The second finding of this study was that depressed patients with residual subjective cognitive decline had differences in immune cytokines prior to treatment. It should be noted that the results were partially consistent with previous studies focusing on objective cognitive function and increased plasma inflammatory biomarkers IL-1β [33, 34] and MCP-1 [35]. And another machine learning analysis shows that plasma SCF contributes significantly to differentiate cognitive impairment in patients with late-life depression [36], which is also consistent with the results of this study. Furthermore, this study found that PDGF-BB decreased in patients with SCD, which was consistent with previous studies on mild cognitive impairment, but inconsistent with studies on AD [37]. The reason for this discrepancy may be that MCI patients predominantly report subjective cognitive symptoms, whereas AD occupies more objective cognitive symptoms. In contrast to the previous study focusing on depressive symptoms, the present study found a significant increase in IFN-γ levels and a significant decrease in IL-9 levels in the SCD group with more severe depressive symptoms [38, 39]. Differences in the clinical characteristics of patients selected for enrollment in those studies explain the inconsistent results. In addition, it has been reported that hippocampal FGF basic mRNA density is reduced in the postmortem brain of individuals suffering from major depressive disorder [40]. While in this study, we found that the peripheral levels of FGF basic were increased in the SCD group which implied the different mechanisms underline the peripheral and central immune systems.

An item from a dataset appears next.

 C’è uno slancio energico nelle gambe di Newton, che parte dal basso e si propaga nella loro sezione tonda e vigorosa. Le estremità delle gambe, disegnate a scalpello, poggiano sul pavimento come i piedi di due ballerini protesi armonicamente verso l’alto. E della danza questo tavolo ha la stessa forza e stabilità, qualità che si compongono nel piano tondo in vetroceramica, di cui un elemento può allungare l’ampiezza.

The third finding of this study was that FGF basic, IFN-γ, IL-1β, and SCF were negatively associated with residual subjective cognitive function, whereas IL-9, PDGF-BB, and RANTES were positively associated with residual subjective cognitive function. Firstly, the results indicated a strong link between subjective cognitive problems and abnormalities in immune mechanisms involving chronic adaptive immunity. In the preclinical study, increased IL-1β has adverse effects on memory and cognitive function and negatively influences the proliferation, differentiation, and survival of hippocampal NPCs in both juvenile and adult animal models [41]. Particularly, IL-1β produced by microglia also promotes the Th-1 responses to produce IFN-γ, which inhibits IL-9 secretion and promotes neuroinflammation [42]. These correlations between IL-1β, IFN-γ, and IL-9 explain the negative association of IFN-γ and IL-1β with subjective cognitive function and the positive association of IL-9 with subjective cognitive function in this study. Furthermore, IL-1β interacts with RANTES and registers an important role in brain pathology [43], but a previous study found no correlation between RANTES and objective cognitive function [44]. In this study, a positive correlation was observed between RANTES and subjective cognitive function, and the mechanism of this correlation needs further investigation. Secondly, evidence strongly suggested that another mechanism was related to the BBB, which connected the peripheral and central immune systems. PDGF-BB, targeting the PGDFRβ + pericytes [45], cooperates with FGF basic in maintaining the integrity and stabilization of BBB, enhancing the function of endothelial cells and the compactness of the cells [46]. The imbalance between those two cytokines could deteriorate the BBB completion and accelerate the other pro-inflammatory cytokines cross the BBB.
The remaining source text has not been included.